Freeing art from the human artist: Hod Lipson speaks to Fiona Moore about AI and creativity

Interview with Hod Lipson

By Fiona Moore

Artist: Pix18, a robot ‘that conceives and creates art on its very own.’ Oil on Canvas. (Image source: http://www.pix18.com)

Hod Lipson is a professor of Engineering and Data Science at Columbia University in New York. With Melba Kurman he is co-author the award-winning Fabricated: The New World of 3D printing and Driverless: Intelligent cars and the road ahead. His often provocative work on self-aware and self-replicating robots has been influential across academia, industry, policy, and public discourse more generally (including this very popular TED talk), and his interests also encompass pioneering in the fields of open-source 3D printing, electronics 3D printing, bio-printing and food printing. Hod directs the Creative Machines Lab at Columbia, where they “build robots that do what you’d least expect robots to do.”

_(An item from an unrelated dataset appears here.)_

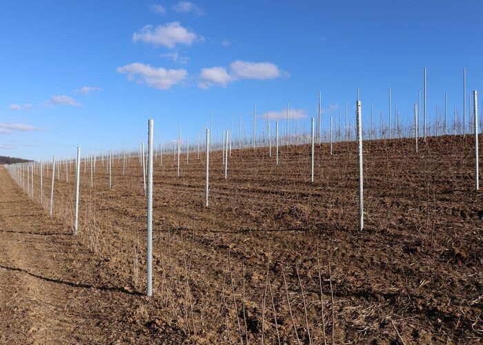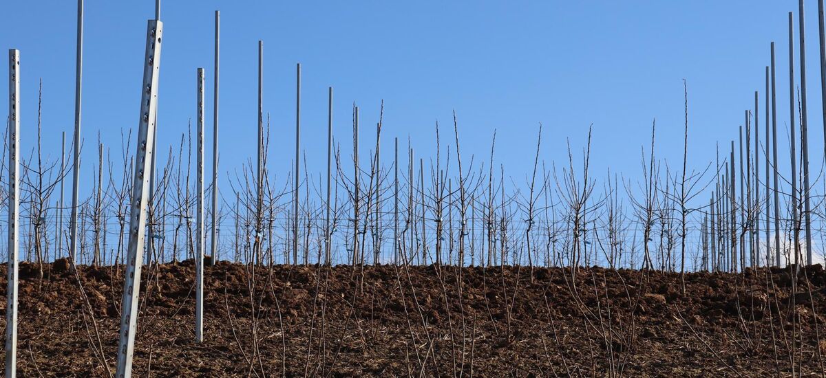 Auch über die Wintermonate waren wir fleißig: Neben des Baumschnitts, haben wir eine neue Obstanlage erstellt. Hier wachsen die Äpfel der Sorten Wellant und Rubinette, sowie rote Johannisbeeren. Die ersten Früchte können wir voraussichtlich 2022 ernten.

Fiona Moore is a writer and academic whose work, mostly involving self-driving cars and intelligent technology, has appeared in Clarkesworld, Asimov’s, Interzone and many other publications, with reprints in Forever Magazine and two consecutive editions of The Best of British SF. Her story “Jolene” was shortlisted for the 2019 BSFA Award for Shorter Fiction. Her publications include one novel, Driving Ambition, numerous articles and guidebooks on cult television, guidebooks to Blake’s Seven, The Prisoner, Battlestar Galactica and Doctor Who, three stage plays and four audio plays. When not writing, she is a Professor of Business Anthropology at Royal Holloway, University of London.

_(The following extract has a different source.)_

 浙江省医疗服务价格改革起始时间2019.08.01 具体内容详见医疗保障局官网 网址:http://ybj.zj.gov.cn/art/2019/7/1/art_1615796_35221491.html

You are a celebrated figure in the world of artificial intelligence research. Can you tell me how you came to be interested in, and working in, this area?

Thanks. To me, issues like self-awareness, creativity, and sentience are the essence of being human, and understanding them is one of life’s big mysteries – on par with questions like the origin of life and of the universe. There are also many practical reasons to understand and replicate such abilities (like making autonomous machines more resilient to failure). I think that we roboticists are perhaps not unlike ancient alchemists, trying to breathe life into matter. That’s what brings me to this challenge.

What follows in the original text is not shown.